Task brief: Take the lines in the listing below from the line with "吃完赶紧走人,走到一家甜品店" up to and including the line with "Kalendarz książkowy B6 - Rozkład Dzienny" and set them down exactly, skipping pictures and adding nothing.

Record set:
================================

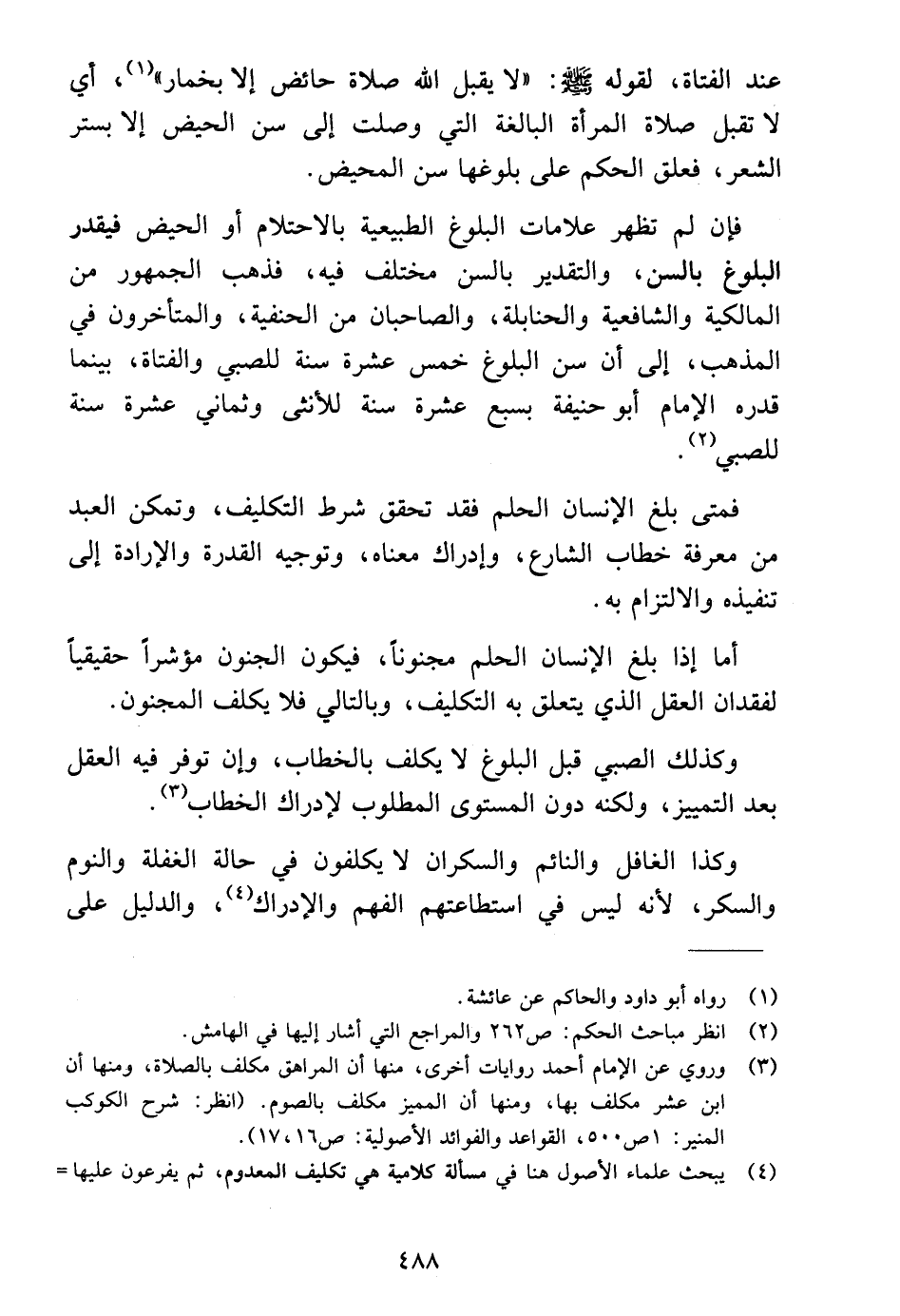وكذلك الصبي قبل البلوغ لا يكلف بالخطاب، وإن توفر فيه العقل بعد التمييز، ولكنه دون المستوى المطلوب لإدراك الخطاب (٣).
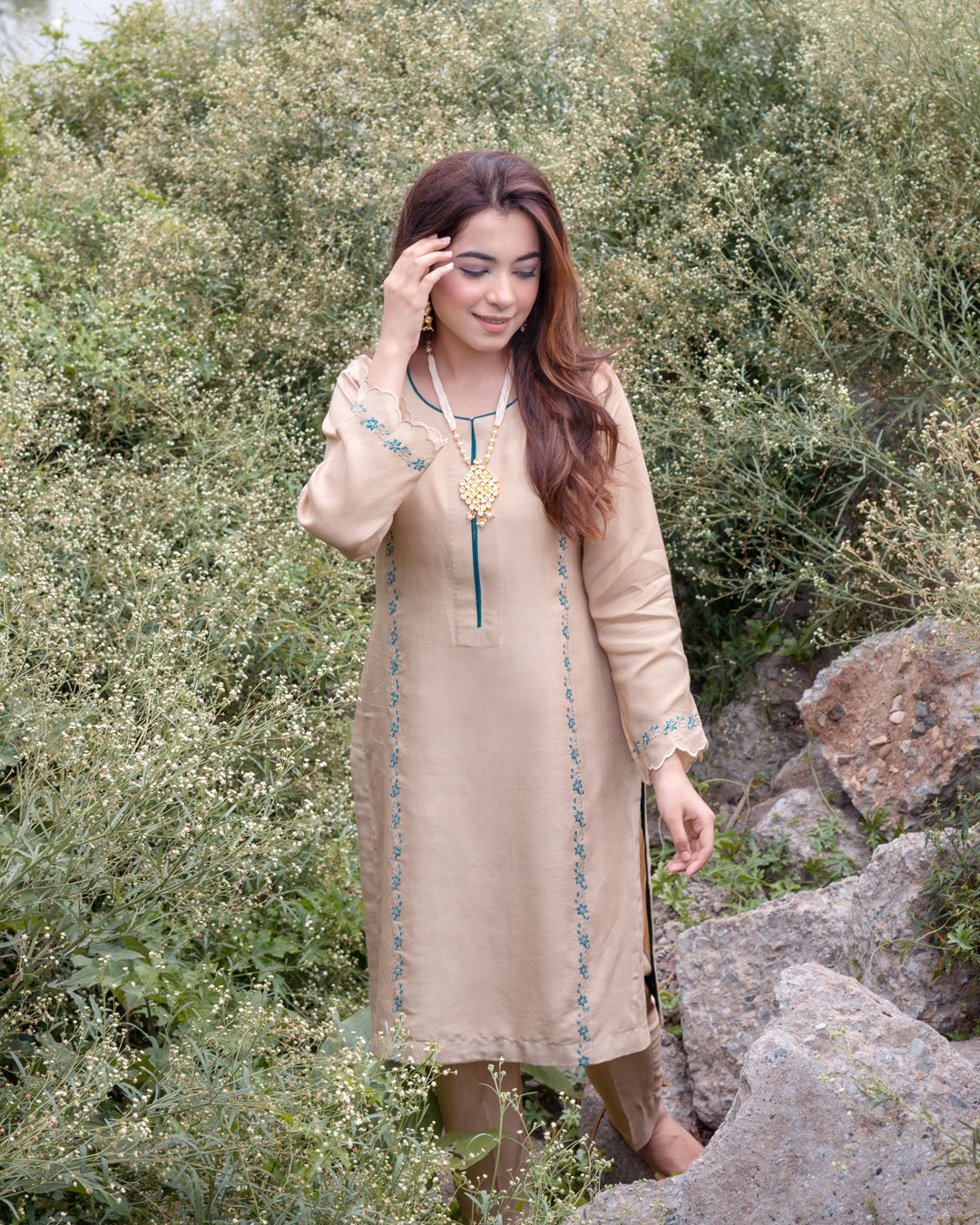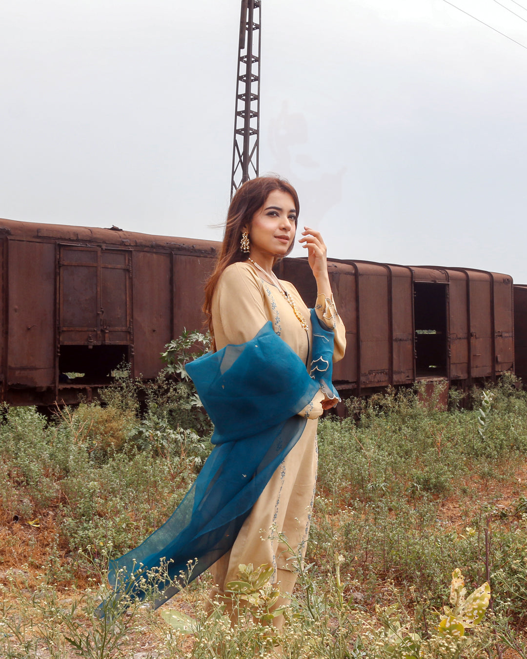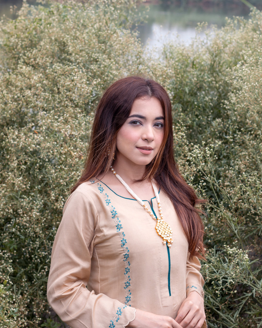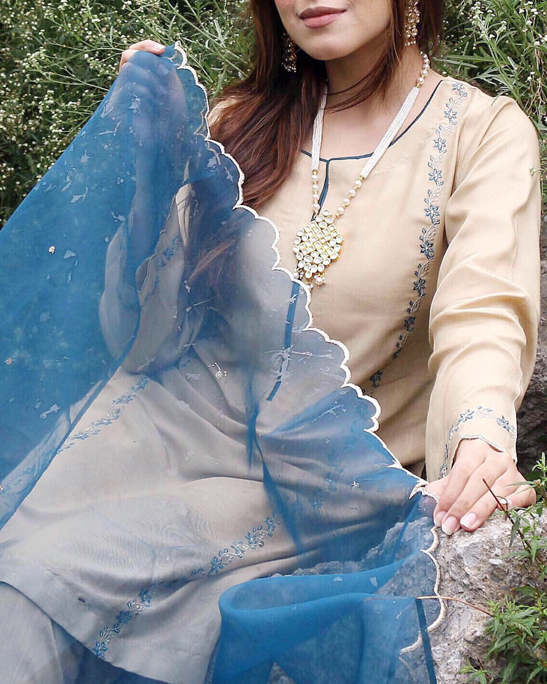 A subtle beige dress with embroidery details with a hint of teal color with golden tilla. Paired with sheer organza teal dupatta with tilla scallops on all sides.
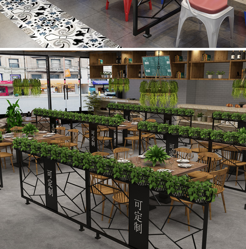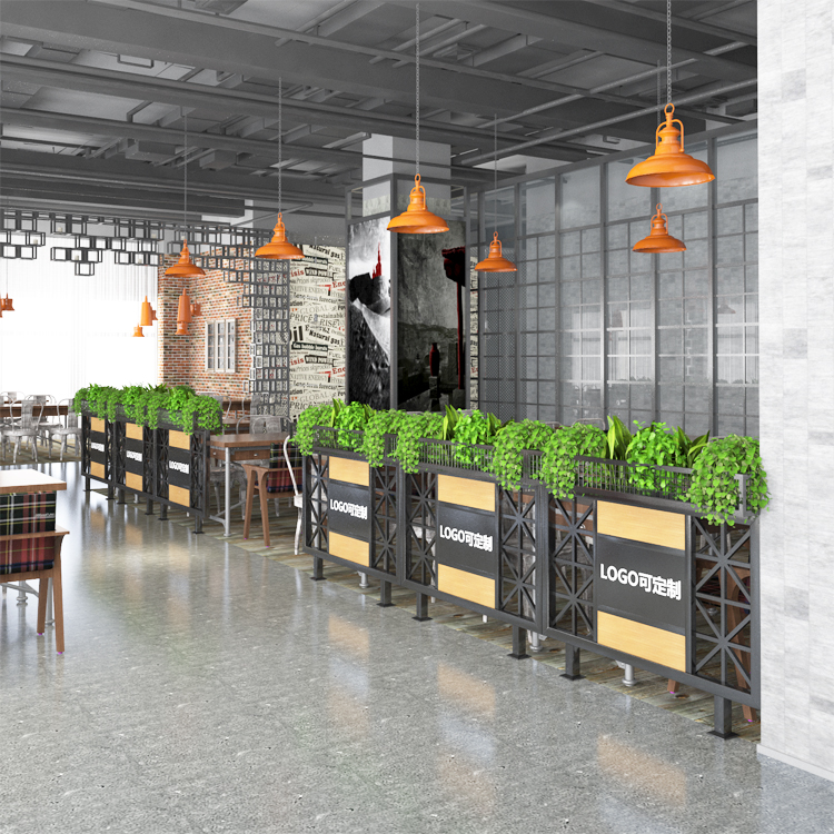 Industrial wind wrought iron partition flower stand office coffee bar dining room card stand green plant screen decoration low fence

================================

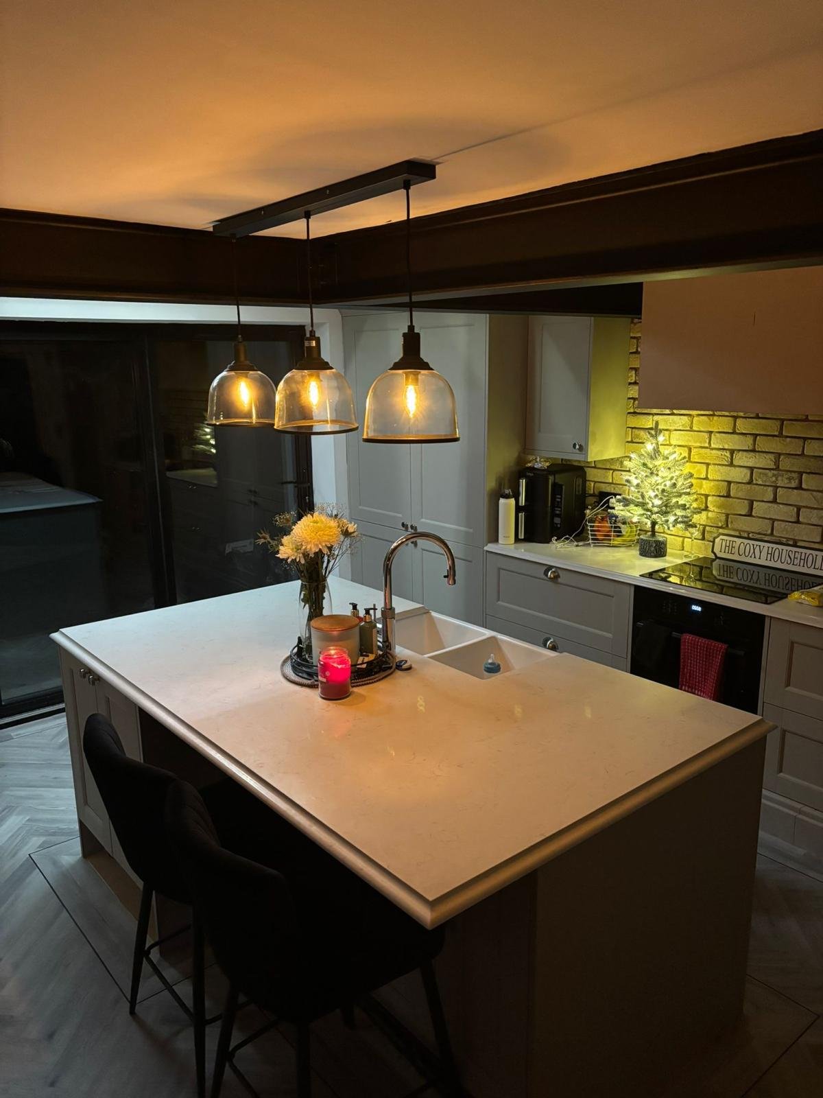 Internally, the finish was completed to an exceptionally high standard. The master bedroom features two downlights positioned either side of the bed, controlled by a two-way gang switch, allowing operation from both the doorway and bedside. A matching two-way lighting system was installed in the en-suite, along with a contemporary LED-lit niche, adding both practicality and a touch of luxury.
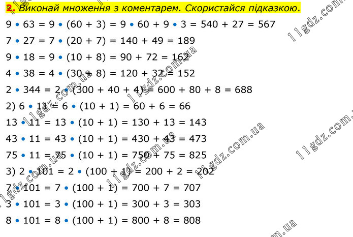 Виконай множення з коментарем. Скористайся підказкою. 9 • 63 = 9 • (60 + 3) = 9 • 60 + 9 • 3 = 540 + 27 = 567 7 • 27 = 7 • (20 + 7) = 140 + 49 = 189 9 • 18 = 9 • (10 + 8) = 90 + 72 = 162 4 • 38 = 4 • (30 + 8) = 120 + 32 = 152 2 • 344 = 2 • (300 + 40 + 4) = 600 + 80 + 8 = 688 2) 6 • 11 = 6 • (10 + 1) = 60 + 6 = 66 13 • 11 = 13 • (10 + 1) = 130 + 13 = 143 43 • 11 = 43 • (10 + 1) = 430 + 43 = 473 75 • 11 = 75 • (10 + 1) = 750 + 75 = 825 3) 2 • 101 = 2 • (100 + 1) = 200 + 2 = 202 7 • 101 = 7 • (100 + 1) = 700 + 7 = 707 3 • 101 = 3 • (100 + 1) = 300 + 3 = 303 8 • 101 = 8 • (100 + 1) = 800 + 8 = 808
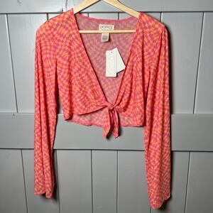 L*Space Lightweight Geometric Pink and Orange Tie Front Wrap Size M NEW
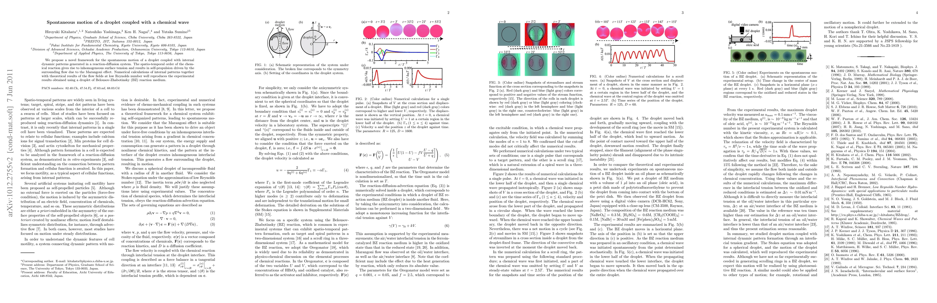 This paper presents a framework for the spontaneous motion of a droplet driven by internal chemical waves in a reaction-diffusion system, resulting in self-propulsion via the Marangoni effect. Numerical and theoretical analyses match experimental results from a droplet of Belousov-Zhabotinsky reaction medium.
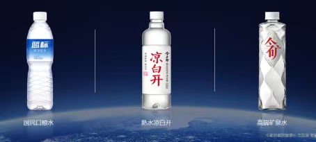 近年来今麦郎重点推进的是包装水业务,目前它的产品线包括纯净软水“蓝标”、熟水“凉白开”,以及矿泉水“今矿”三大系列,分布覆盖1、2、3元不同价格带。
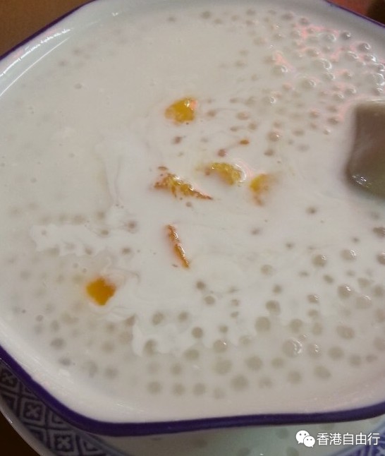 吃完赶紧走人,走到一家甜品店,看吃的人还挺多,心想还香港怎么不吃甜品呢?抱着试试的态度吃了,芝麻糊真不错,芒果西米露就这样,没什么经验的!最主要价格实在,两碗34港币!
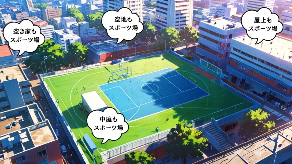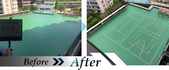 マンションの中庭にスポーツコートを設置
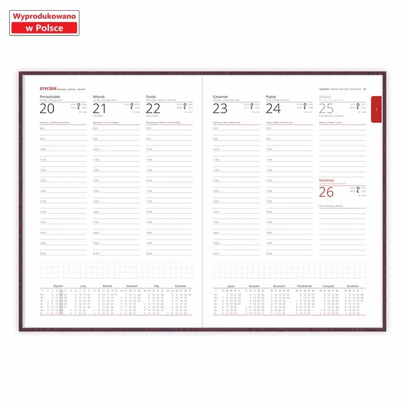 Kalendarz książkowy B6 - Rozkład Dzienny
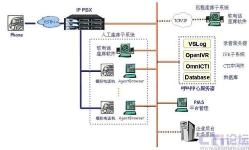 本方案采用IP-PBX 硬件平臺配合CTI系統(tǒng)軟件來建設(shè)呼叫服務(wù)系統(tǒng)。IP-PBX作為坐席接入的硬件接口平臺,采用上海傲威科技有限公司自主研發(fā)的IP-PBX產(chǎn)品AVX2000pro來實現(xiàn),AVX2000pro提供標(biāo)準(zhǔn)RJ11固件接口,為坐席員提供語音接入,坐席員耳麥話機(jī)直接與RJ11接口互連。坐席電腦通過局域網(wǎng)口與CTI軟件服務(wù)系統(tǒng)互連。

================================

Output for this task:
 吃完赶紧走人,走到一家甜品店,看吃的人还挺多,心想还香港怎么不吃甜品呢?抱着试试的态度吃了,芝麻糊真不错,芒果西米露就这样,没什么经验的!最主要价格实在,两碗34港币!
 マンションの中庭にスポーツコートを設置
 Kalendarz książkowy B6 - Rozkład Dzienny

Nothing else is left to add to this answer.